Abstract

Nothing evokes more powerfully the Bachelardian sense of topophilia than Jean Lorrain's image of the nestled child to whom his mother tells a fairy tale. Reverting in his memory to the status of a listener, the storyteller again becomes the boy before the hearth, the dreamer who is transfixed by the embers in the fireplace and whose reveries are incubated by the stove's maternal warmth. Imagining the homeless lashed along by biting winds and blown down hard, paved streets by gusts that snatch at flimsy rags, the writer regresses to the protected nest of childhood, from which he leaves on cozy journeys into the landscapes of old books: combien il serait doux de pouvoir redescendre le passe, de pouvoir redevenir enfant et,... dans la tiddeur des chambres closes,... de se reprendre au charme des vieux livres d'images,... et de pouvoir croire encore aux contes! (Preface, Princesses d'ivoire et d'ivresse 7).
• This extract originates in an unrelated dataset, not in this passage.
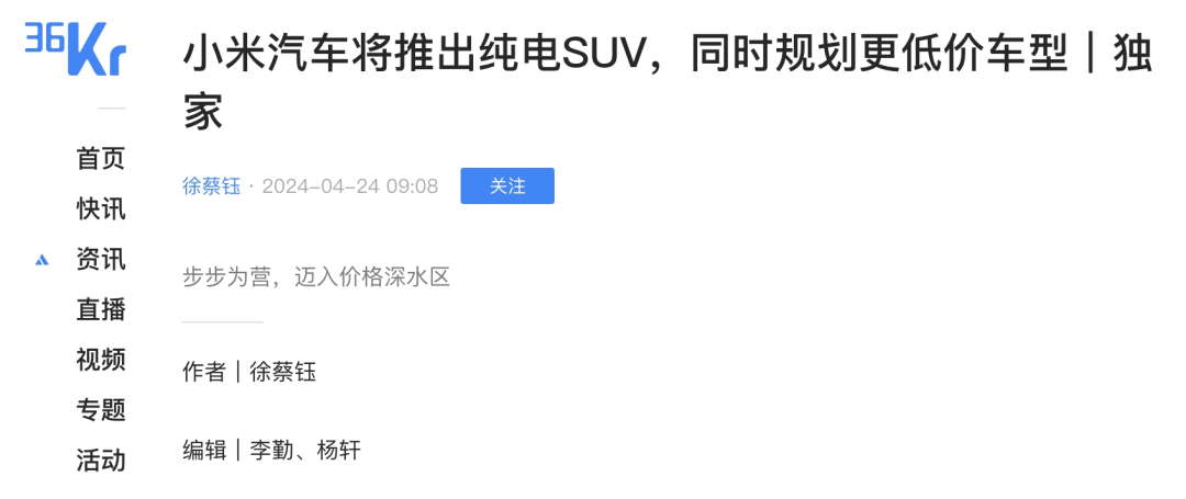 目前,小米汽车暂未公布有关第二款车的任何信息,所以该报道的真实性还有待确认。

Published in 1902, Lorrain's Princesses d'ivoire et d'ivresse is unlike the author's earlier works that had conditioned their reception. The Fecamp native, who escaped the humid greenery of Normandy and electrified Paris with his flamboyant eccentricities, had used literature as an instrument of remunerative publicity, crafting personae to promote the sale of his strange and shocking books. Accomplished scandal-monger, incarnation of le peril mauve (McLendon, Communities 7), Lorrain belonged to the notorious segments of the society he maligned. In his depictions of the underworld of crime and prostitution (La Maison Philibert), theatre society, the demi-monde (Le Triteau), the ruthless practices of publishers (Maison pour dames), Lorrain had shown the public its most unflattering public face. With their emphasis on sensationalism and contemporaneity, Lorrain's previous works engage attention as outrageous performances that model the disapproval they are intended to elicit. It is therefore surprising to find Lorrain thinking back to his own childhood, yearning for the days long past when he was the audience himself.